> Required work
Somewhere below are a line with "Estate F & F" and a later line with "SVETLOGORSK, RUSSIA - MAY". Output exactly those lines and all lines between them.

Records from a dataset

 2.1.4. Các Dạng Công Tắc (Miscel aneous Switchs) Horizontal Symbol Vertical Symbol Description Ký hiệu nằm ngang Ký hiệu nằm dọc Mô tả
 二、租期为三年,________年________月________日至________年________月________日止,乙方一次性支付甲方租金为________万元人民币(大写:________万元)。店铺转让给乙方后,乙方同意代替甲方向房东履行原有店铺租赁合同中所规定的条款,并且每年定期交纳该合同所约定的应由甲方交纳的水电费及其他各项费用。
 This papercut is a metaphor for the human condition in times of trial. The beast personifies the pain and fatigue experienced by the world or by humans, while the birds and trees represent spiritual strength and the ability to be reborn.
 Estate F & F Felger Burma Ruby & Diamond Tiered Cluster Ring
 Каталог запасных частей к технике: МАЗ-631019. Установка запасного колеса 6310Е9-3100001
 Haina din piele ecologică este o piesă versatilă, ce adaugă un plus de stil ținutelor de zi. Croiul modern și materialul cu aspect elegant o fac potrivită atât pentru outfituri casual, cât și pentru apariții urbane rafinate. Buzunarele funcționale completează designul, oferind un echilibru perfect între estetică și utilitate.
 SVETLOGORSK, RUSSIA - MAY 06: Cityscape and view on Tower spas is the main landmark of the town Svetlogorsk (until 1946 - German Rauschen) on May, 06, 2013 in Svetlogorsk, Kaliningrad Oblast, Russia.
---
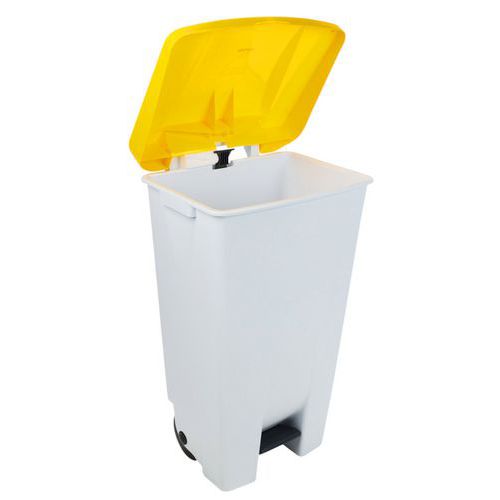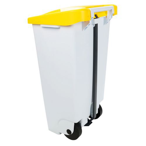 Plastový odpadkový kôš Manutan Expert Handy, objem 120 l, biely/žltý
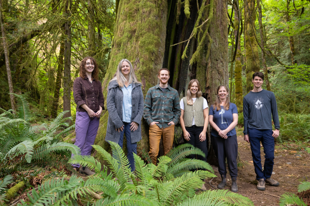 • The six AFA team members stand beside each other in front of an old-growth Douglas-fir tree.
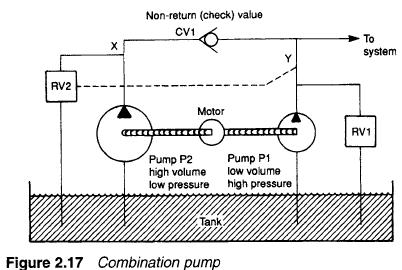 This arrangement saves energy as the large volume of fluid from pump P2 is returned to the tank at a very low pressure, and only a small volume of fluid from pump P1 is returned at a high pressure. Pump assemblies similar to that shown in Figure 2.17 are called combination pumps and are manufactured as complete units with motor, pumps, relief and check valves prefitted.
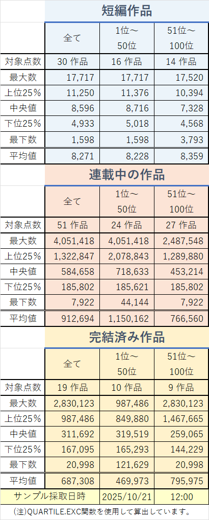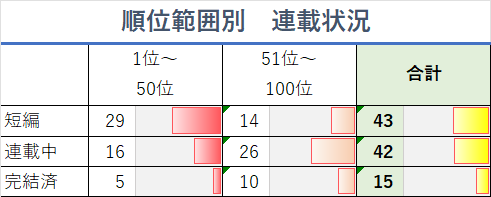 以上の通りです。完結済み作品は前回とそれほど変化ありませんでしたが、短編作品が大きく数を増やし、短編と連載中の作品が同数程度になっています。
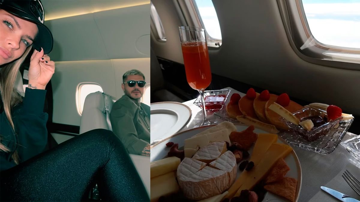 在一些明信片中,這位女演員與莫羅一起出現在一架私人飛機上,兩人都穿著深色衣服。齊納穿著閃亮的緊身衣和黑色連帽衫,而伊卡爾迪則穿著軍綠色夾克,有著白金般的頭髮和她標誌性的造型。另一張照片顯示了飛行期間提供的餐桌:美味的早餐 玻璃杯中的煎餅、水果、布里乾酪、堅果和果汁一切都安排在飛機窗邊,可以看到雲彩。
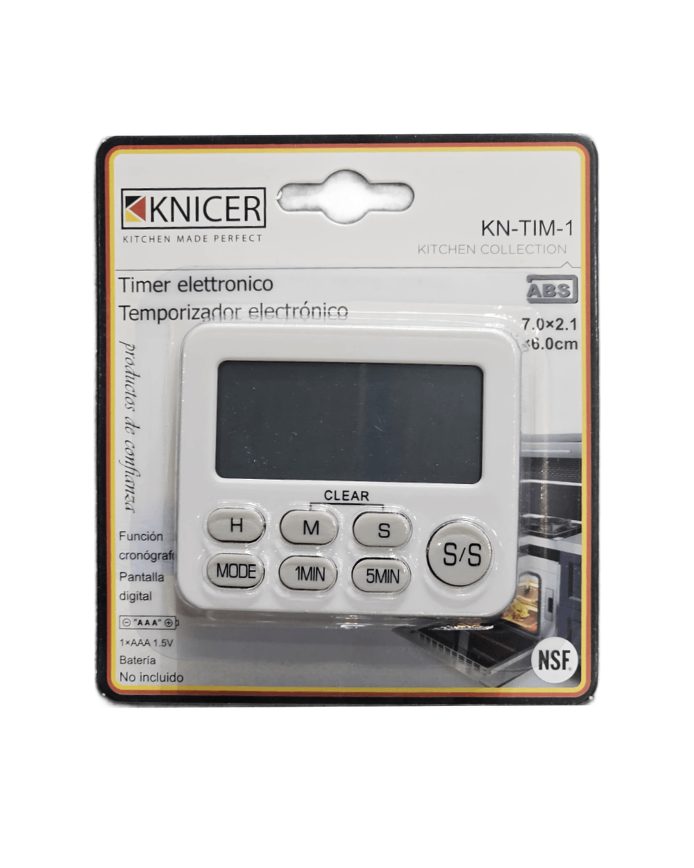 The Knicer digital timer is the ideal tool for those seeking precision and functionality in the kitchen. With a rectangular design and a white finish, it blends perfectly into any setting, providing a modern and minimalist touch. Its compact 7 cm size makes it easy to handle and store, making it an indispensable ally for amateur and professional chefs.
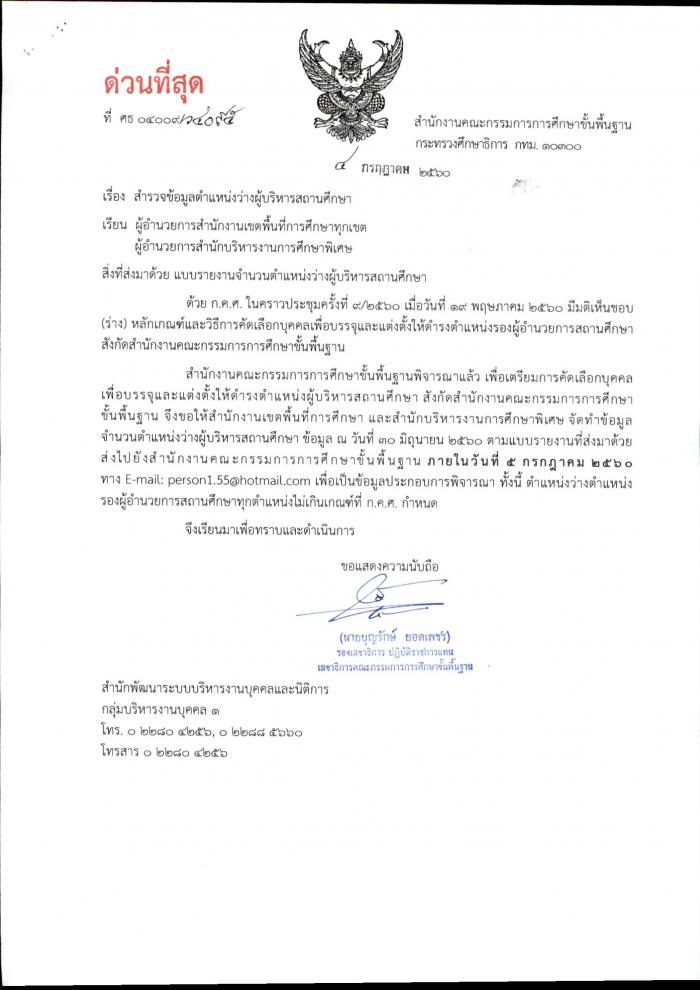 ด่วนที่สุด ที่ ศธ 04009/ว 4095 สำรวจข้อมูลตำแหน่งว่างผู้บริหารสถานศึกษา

> Answer to the exercise
 Estate F & F Felger Burma Ruby & Diamond Tiered Cluster Ring
 Каталог запасных частей к технике: МАЗ-631019. Установка запасного колеса 6310Е9-3100001
 Haina din piele ecologică este o piesă versatilă, ce adaugă un plus de stil ținutelor de zi. Croiul modern și materialul cu aspect elegant o fac potrivită atât pentru outfituri casual, cât și pentru apariții urbane rafinate. Buzunarele funcționale completează designul, oferind un echilibru perfect între estetică și utilitate.
 SVETLOGORSK, RUSSIA - MAY 06: Cityscape and view on Tower spas is the main landmark of the town Svetlogorsk (until 1946 - German Rauschen) on May, 06, 2013 in Svetlogorsk, Kaliningrad Oblast, Russia.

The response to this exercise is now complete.